A far more effective approach is to architect systems as a collection of small reusable components that can be combined to compose new digital solutions. The industry term for this is API first. Over a decade ago, Netflix realized API-first would be a key factor in managing their highly complex business. See if any of these features of their business environment sound familiar: 

  • Netflix sells its products to people with diverse needs and tastes
  • Their products typically require complex licensing agreements with third parties  
  • They face a highly regulated business environment with high levels of regional variation 

Netflix, like Amazon, recognized the importance of bringing copies of their data close to the customer early on. But, with API-first, they approached every business need by evaluating how they might "compose" the solution using APIs. This meant they could create new digital experiences without being shackled to large monolithic systems. 
Netflix was able to channel the creativity of their employees and vendors by empowering teams to work on features independently. For example, it supported the personalization of user experiences by building a growing library of machine learning (ML) models that power the Netflix recommendations framework. They did all this while supporting an explosion in the variety of desktop, mobile, and gaming devices their members can use.

Takeaway: Follow Netflix's example and take an API-first approach to creating digital experiences. Moving data to the edge is a first step. But with API-first, your internal employees, agents, vendors, and customers can quickly and easily build new solutions on top of those data structures.  

3. Build fault-tolerant real-time workflows

Your customers and agents describe a long list of problems when interacting digitally with life and annuity insurers - outdated and confusing interfaces, call centers and email instead of digital self-service options, lack of personalization, disparate and siloed systems, lack of real-time updates, and no "institutional memory." Sound familiar? 

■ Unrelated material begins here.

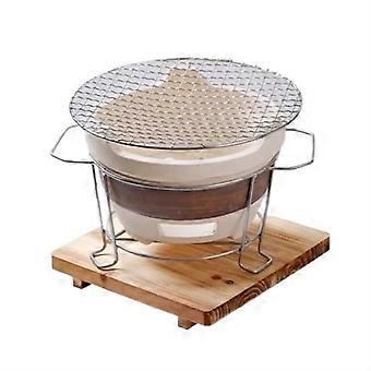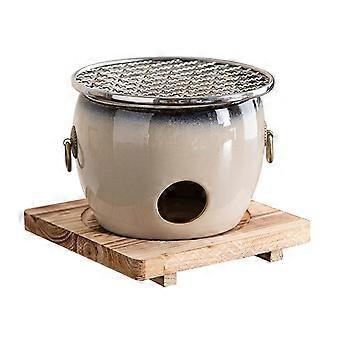 Charcoal Grill Ceramic Stove with Wooden Base for Indoor Outdoor Use, Even Heat and Multi Fuel Options

Dealing with all these systems without some form of orchestration is complicated. We can think of software microservices that support your digital experiences like musicians in an orchestra (e.g., a payment gateway). Your APIs are the scores that ensure communication between the musicians. But surprisingly, many software applications don't pay enough attention to the role of the conductor.  The conductor makes sure that the musicians perform the full score successfully. In digital experiences, we call this workflow. Workflow software decides when APIs are called, in what order, and what to do if an API call fails. Used skillfully, these workflow conductors can solve the problems we recapped above. 

Maxim Fateev and Samar Abbas worked for AWS in 2009 when they created the first version of Amazon's Simple Workflow (SWF) service. Then, in 2015, they came together at Uber to build a new open-source workflow platform called Cadence. This software handles all the various steps that must happen in a "fault-tolerant" manner from the instant you open your Uber app through when your trip is completed. This involves potentially hundreds of services - geolocation, routing, matching, communication, payment, and several machine learning models - almost as much complexity as the average e-app! Then, in 2019, they decided to leave Uber and launch a company called Temporal to create a more powerful version of Cadence. 

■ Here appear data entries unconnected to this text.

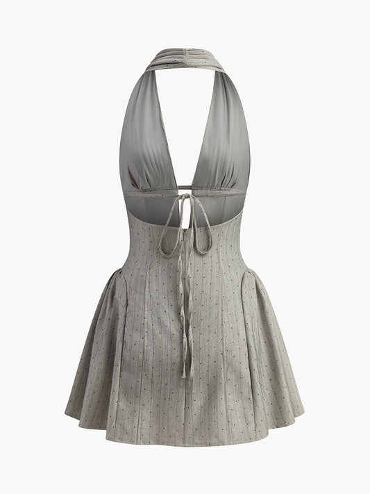 Halter Yaka Kesik Sırtı Açık Örgü Elbise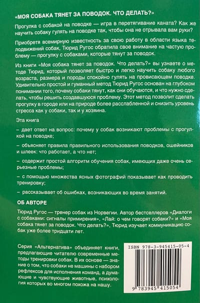 Прогулка с собакой на поводке - игра в перетягивание каната? Как же научить собаку гулять на поводке так, чтобы она не отрывала вам руки? Приобретя всемирную известность за свою работу в области языка телодвижений собак, Тюрид Ругос обратила свое внимание на частую проблему - прогулку с собаками, которые тянут за поводок. Из книги Моя собака тянет за поводок. Что делать? вы узнаете о методе Тюрид, который позволяет быстро и легко научить собаку любого возраста, размера и породы спокойно гулять на провисающем поводке. Удивительно простой и гуманный метод Тюрид Ругос основан на глубоком понимании того, почему собаки тянут, как они обучаются, и что нужно сделать, чтобы решить создавшуюся проблему. Этот метод позволит сделать прогулку в городе или на природе более расслабленной и снизить уровень стресса как у собаки, так и у хозяина.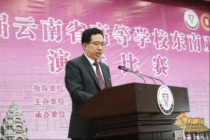 云南师范大学云南华文学院王秀成院长代表云南师范大学致辞,向出席本次比赛的中外贵宾、领导、评委和来自全省30所高校的领队和指导教师、全体参赛学生表示热烈欢迎。他指出,学习通用语言可以走的更远,学习非通语言可以走得更深,云南作为“一带一路”建设的交汇点,学习澜湄五国非通用语言区位优势明显,意义重大。东南亚国家作为我国外交的优先方向,东南亚国家非通用语言专业是云南师范大学重点扶持专业,学校发挥作为“云南省高等学校小语种人才培养示范点”、“云南省高等学校东南亚南亚语种人才培养基地”的作用,着力培养具有专业背景和语言优势、国际视野和国际竞争力的应用型高素质东南亚语种人才取得初步实效。作为承办单位,承诺一定按照云南省非通用语教学指导委员会和教育厅要求全力办好比赛,预祝本届东南亚语演讲顺利举行并取得丰硕成果。

Takeaway: Learn from Uber and other digital innovators using Temporal's workflow engine (in full disclosure, that includes Sureify). You can deploy solutions that delight agents and customers while successfully navigating the complexities of your back-end systems. 

These ideas have shaped our digital experience products for the life and annuity industry. They operate as a set of three mutually supportive digital transformation strategies. Together, they can engage customers, attract distributors, and ultimately slash tens of billions of dollars from industry-wide budgets tied to legacy processes you'll no longer need.